:: Data supplied ::

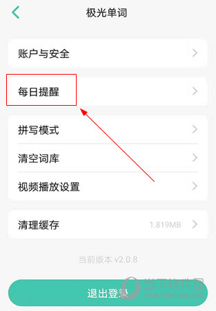 2、在极光Word APP的系统设置界面中,可以看到“每日提醒”功能选项,进入并勾选。
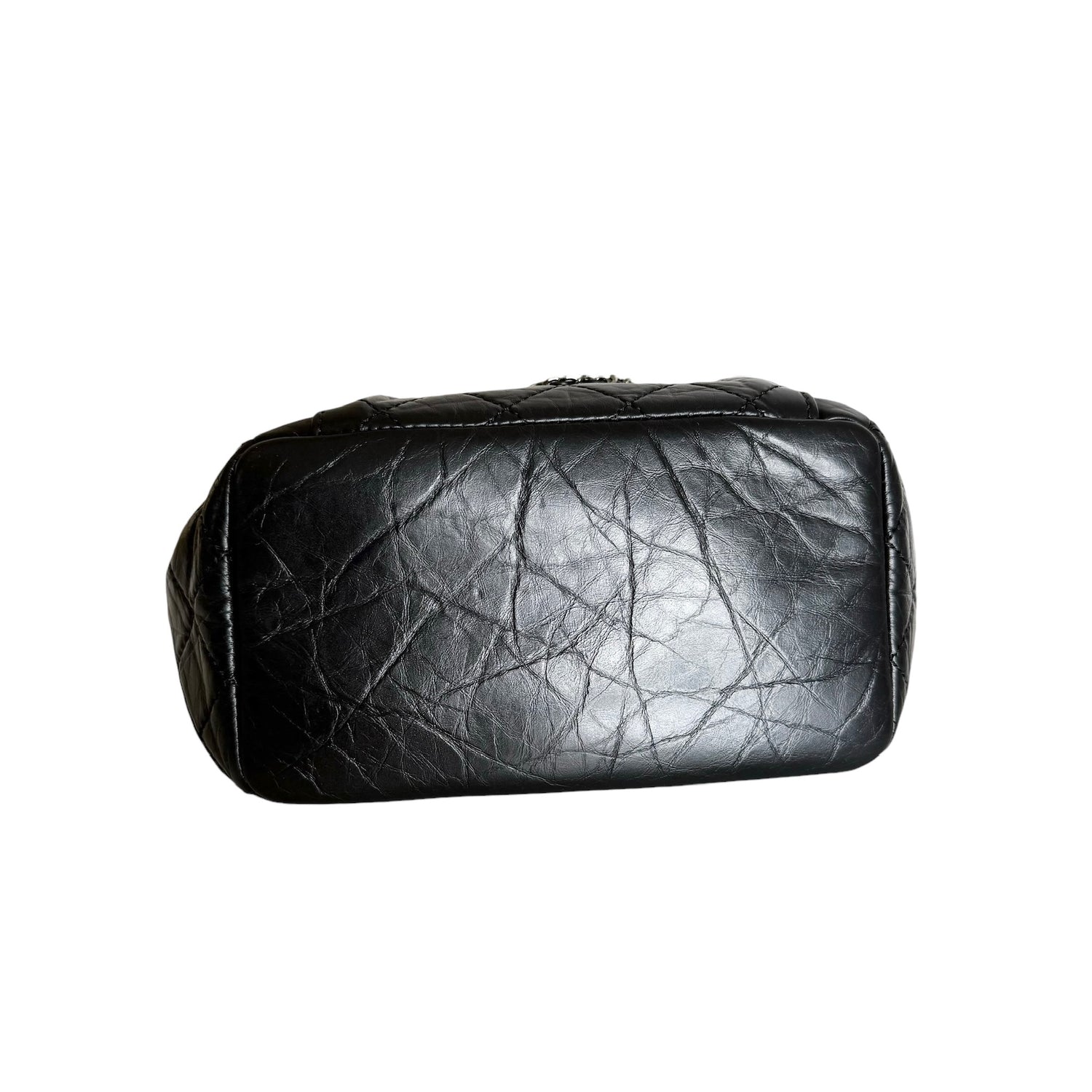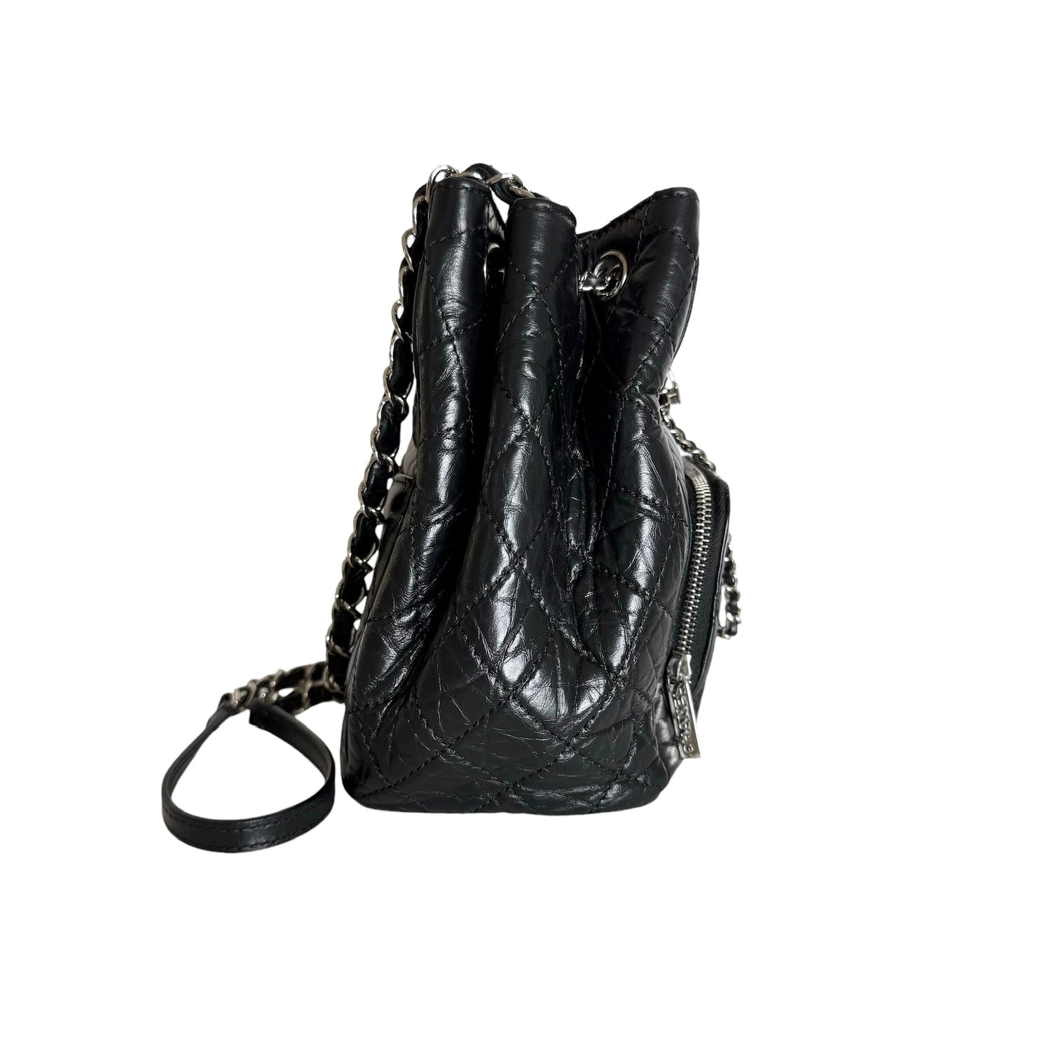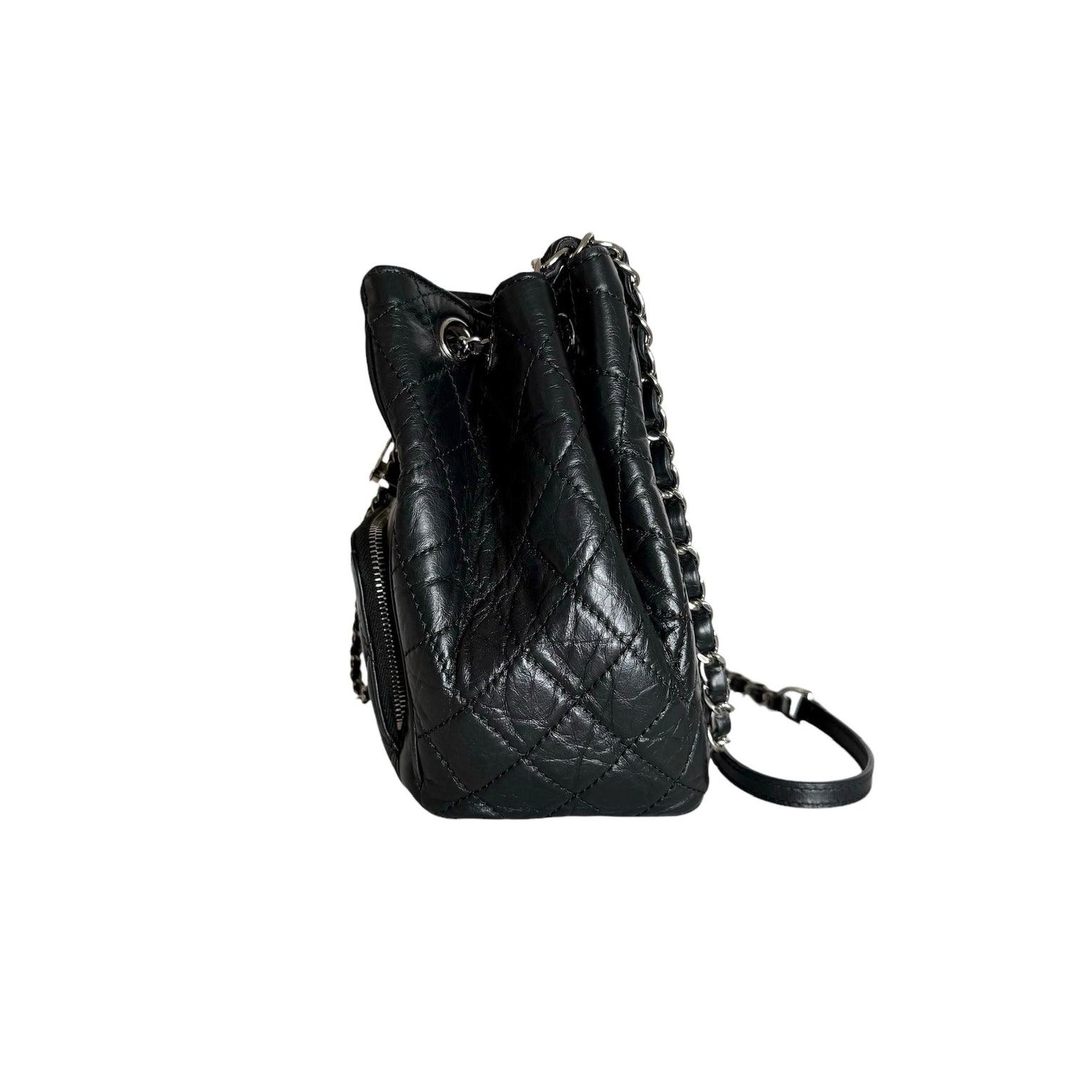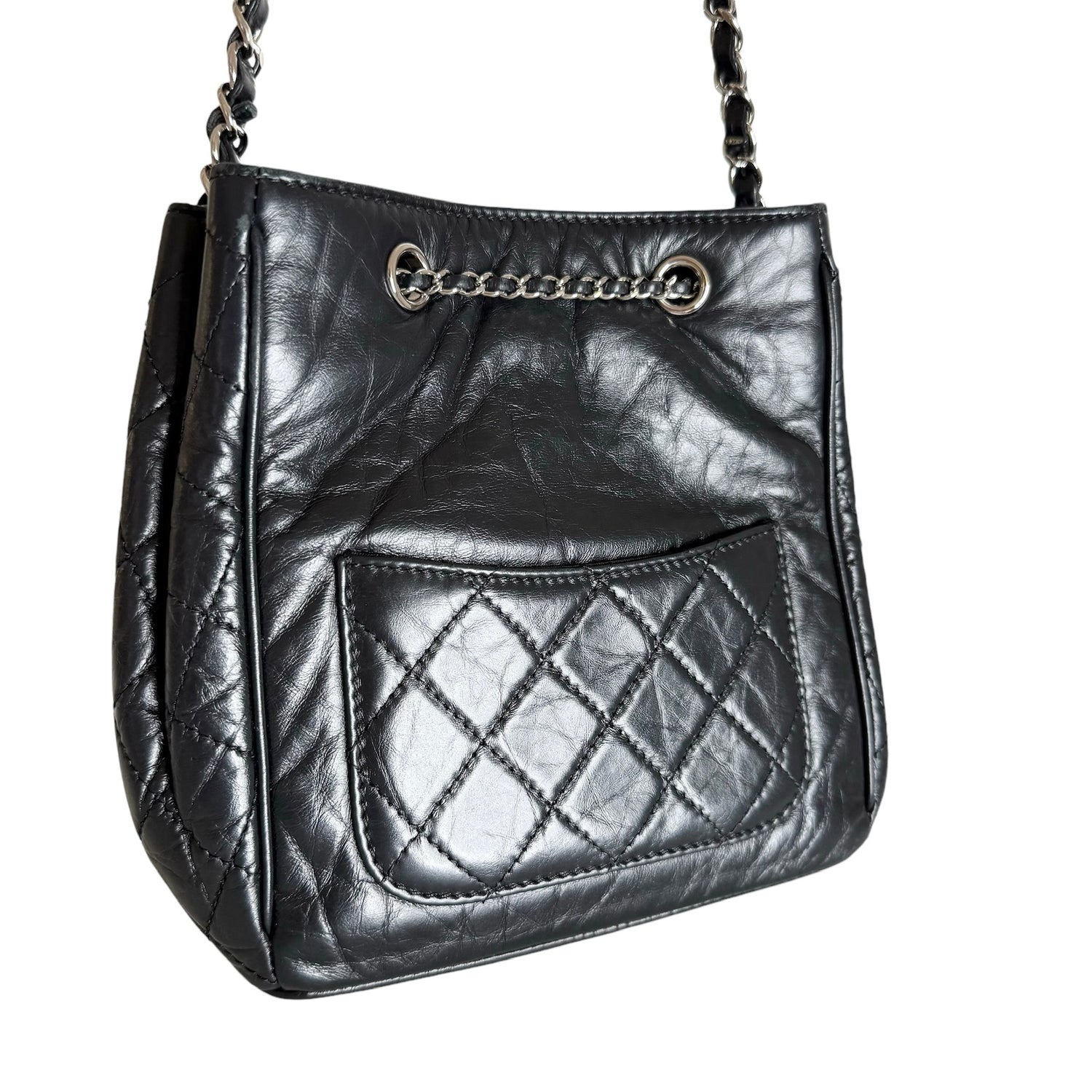 Chanel drawstring bag. 2018 collection. Black calfskin leather with silver-tone hardware and chain. One back exterior pocket. Gros grain lining.
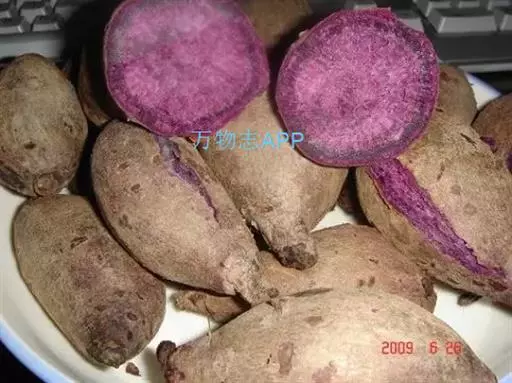 ③德国黑薯。2002年引进中国,中蔓,分枝多,薯块大小整齐,肉质细腻,香甜可口,抗病性较强,一般667平方米产量4000公斤~5000公斤,单株结薯可达10公斤以上,最大单薯重5.7公斤。除食用外,还可提取色素,是紫红薯品种中最佳品种之一。
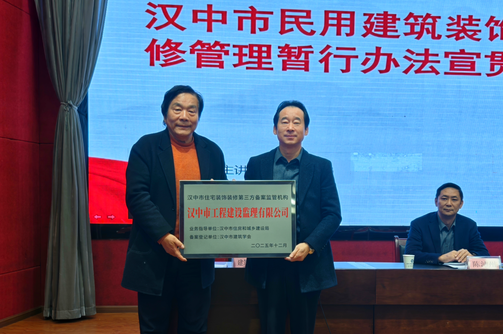 汉中市建筑学会理事长白晓雨现场宣布了经审核确定的第三方监管单位名单。白晓雨理事长向入选的第三方监管单位— —汉中市工程建设监理有限公司总经理魏涛颁发了“第三方监 管单位”牌匾。由此标志着我市装饰装修行业第三方监管机制 正式启动,通过引入第三方监管模式,构建“政府监管+行业 自律+社会监督”的多元治理体系,切实保障工程质量与消费 者权益。
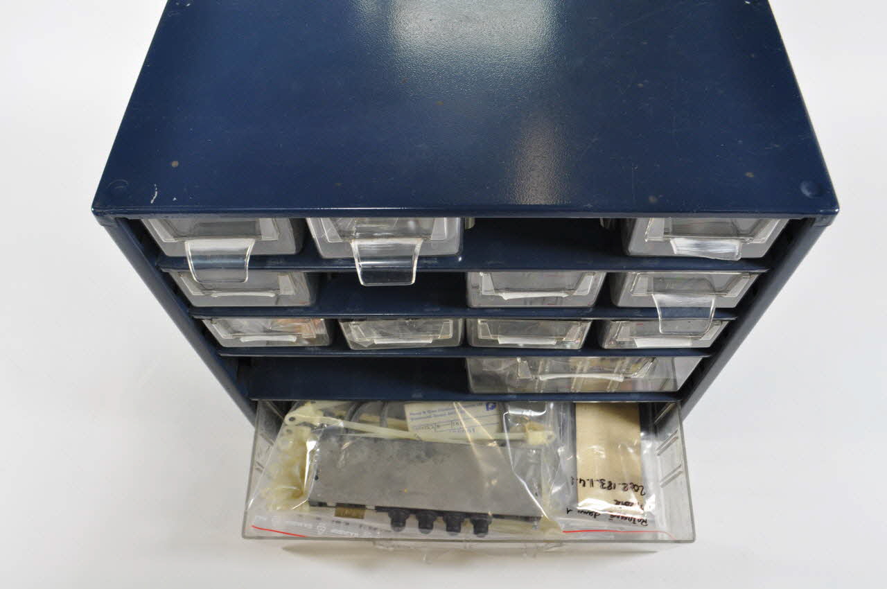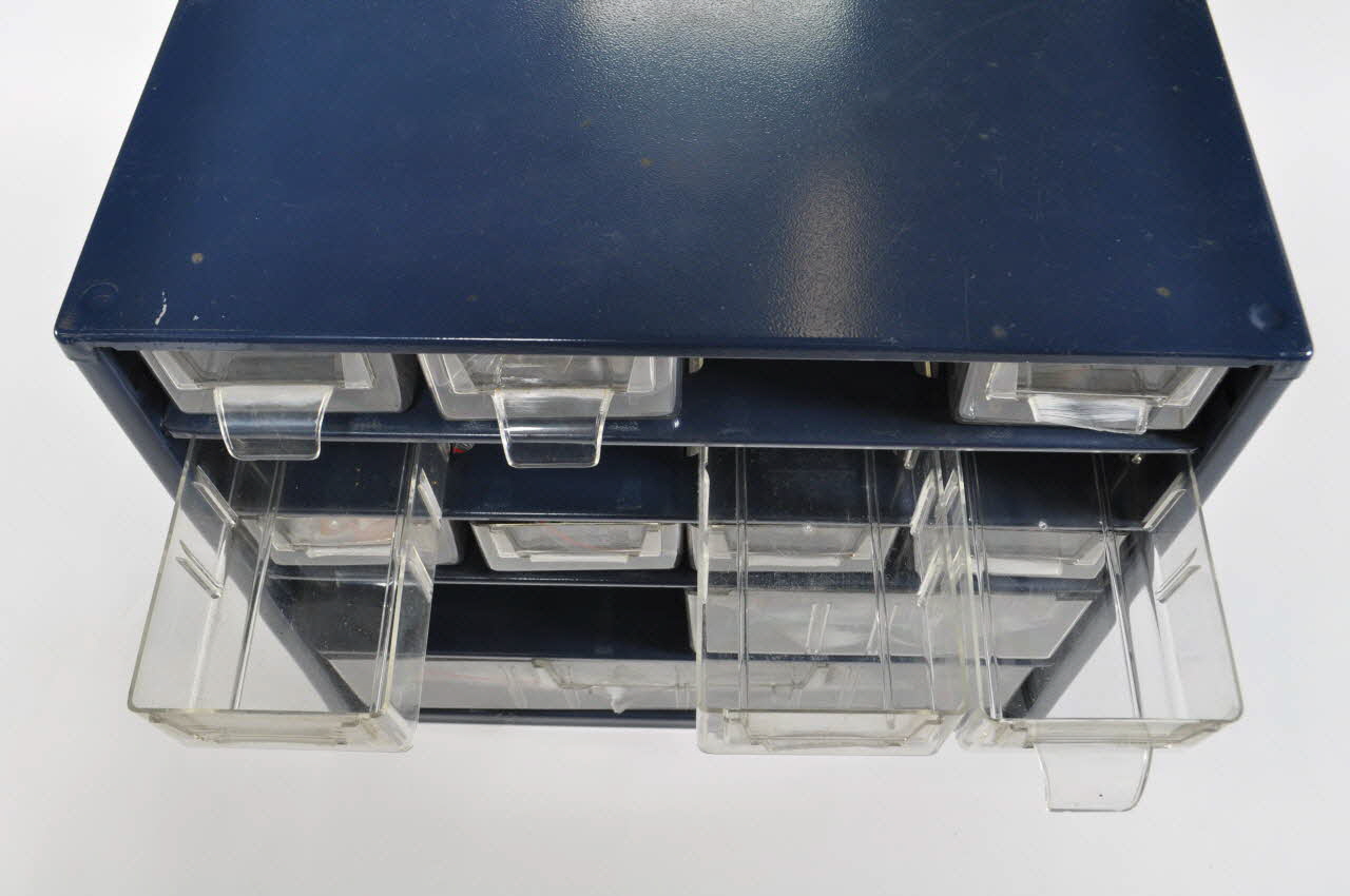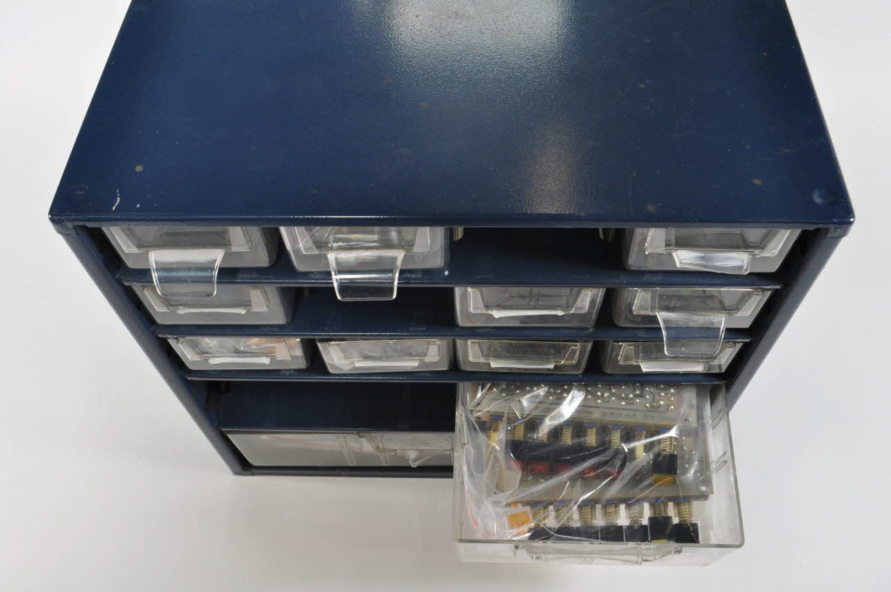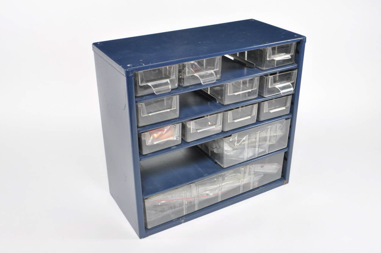 Elément à structure métallique peinte en bleu, présentant quatre niveaux où sont imbriqués douze tiroirs de tailles différentes. Les tiroirs contiennent différents éléments éléctroniques et mécaniques.
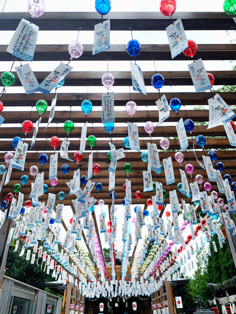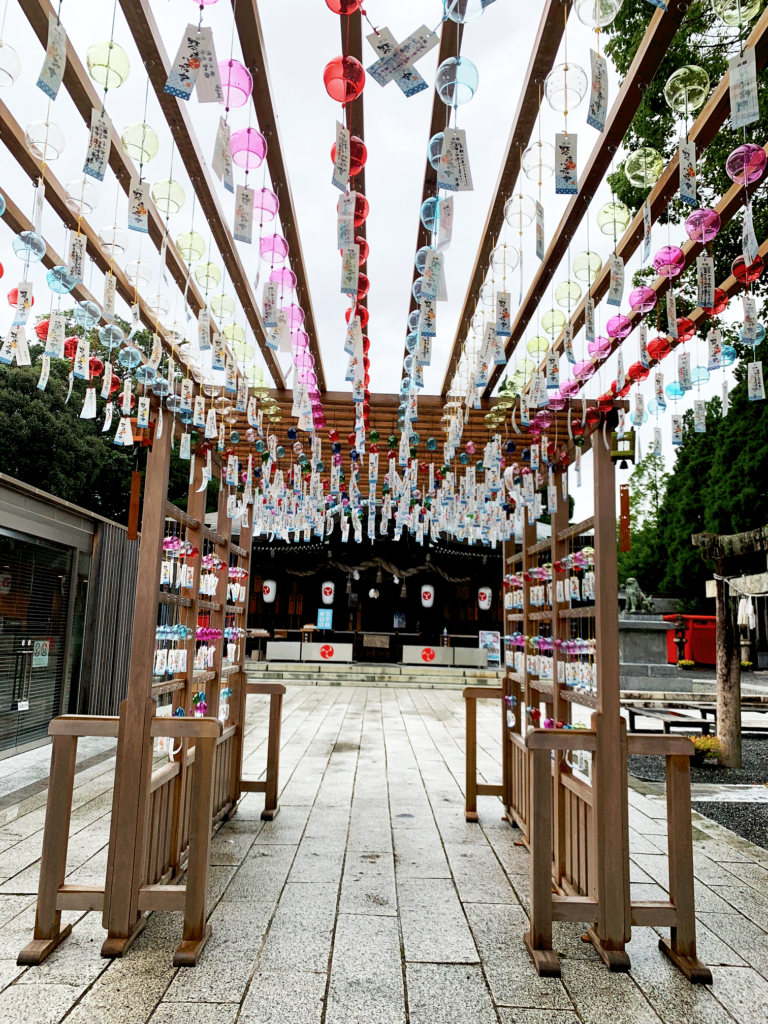 夏になると風鈴の音色で優しく出迎えてくれる恒例のまつりで、3,000個以上のガラスで出来た風鈴が短冊と一緒に幻想的に風に吹かれて揺れているのが印象的でした。
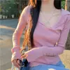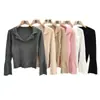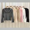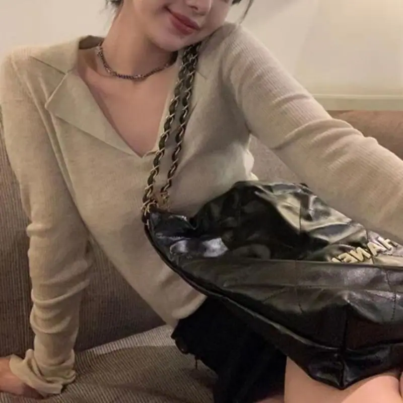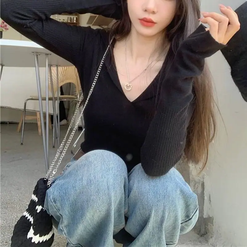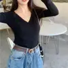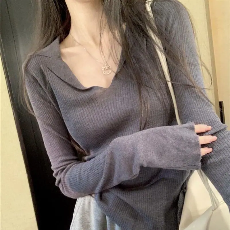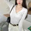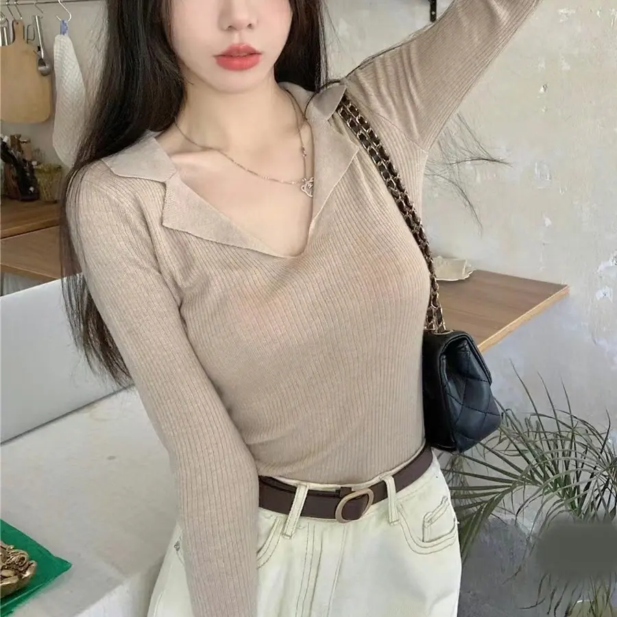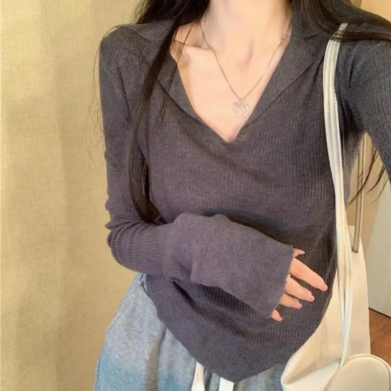 Principios de Otoño para Mujer Nuevo Delgado Cuello Polo Sexy Sexy Cuello en V Ajustado Manga Larga Top de Punto Camiseta Básica

:::

Exercise :: The records above must be printed exactly, but the pictures they hold should be omitted.

Reply ::
 2、在极光Word APP的系统设置界面中,可以看到“每日提醒”功能选项,进入并勾选。
 Chanel drawstring bag. 2018 collection. Black calfskin leather with silver-tone hardware and chain. One back exterior pocket. Gros grain lining.
 ③德国黑薯。2002年引进中国,中蔓,分枝多,薯块大小整齐,肉质细腻,香甜可口,抗病性较强,一般667平方米产量4000公斤~5000公斤,单株结薯可达10公斤以上,最大单薯重5.7公斤。除食用外,还可提取色素,是紫红薯品种中最佳品种之一。
 汉中市建筑学会理事长白晓雨现场宣布了经审核确定的第三方监管单位名单。白晓雨理事长向入选的第三方监管单位— —汉中市工程建设监理有限公司总经理魏涛颁发了“第三方监 管单位”牌匾。由此标志着我市装饰装修行业第三方监管机制 正式启动,通过引入第三方监管模式,构建“政府监管+行业 自律+社会监督”的多元治理体系,切实保障工程质量与消费 者权益。
 Elément à structure métallique peinte en bleu, présentant quatre niveaux où sont imbriqués douze tiroirs de tailles différentes. Les tiroirs contiennent différents éléments éléctroniques et mécaniques.
 夏になると風鈴の音色で優しく出迎えてくれる恒例のまつりで、3,000個以上のガラスで出来た風鈴が短冊と一緒に幻想的に風に吹かれて揺れているのが印象的でした。
 Principios de Otoño para Mujer Nuevo Delgado Cuello Polo Sexy Sexy Cuello en V Ajustado Manga Larga Top de Punto Camiseta Básica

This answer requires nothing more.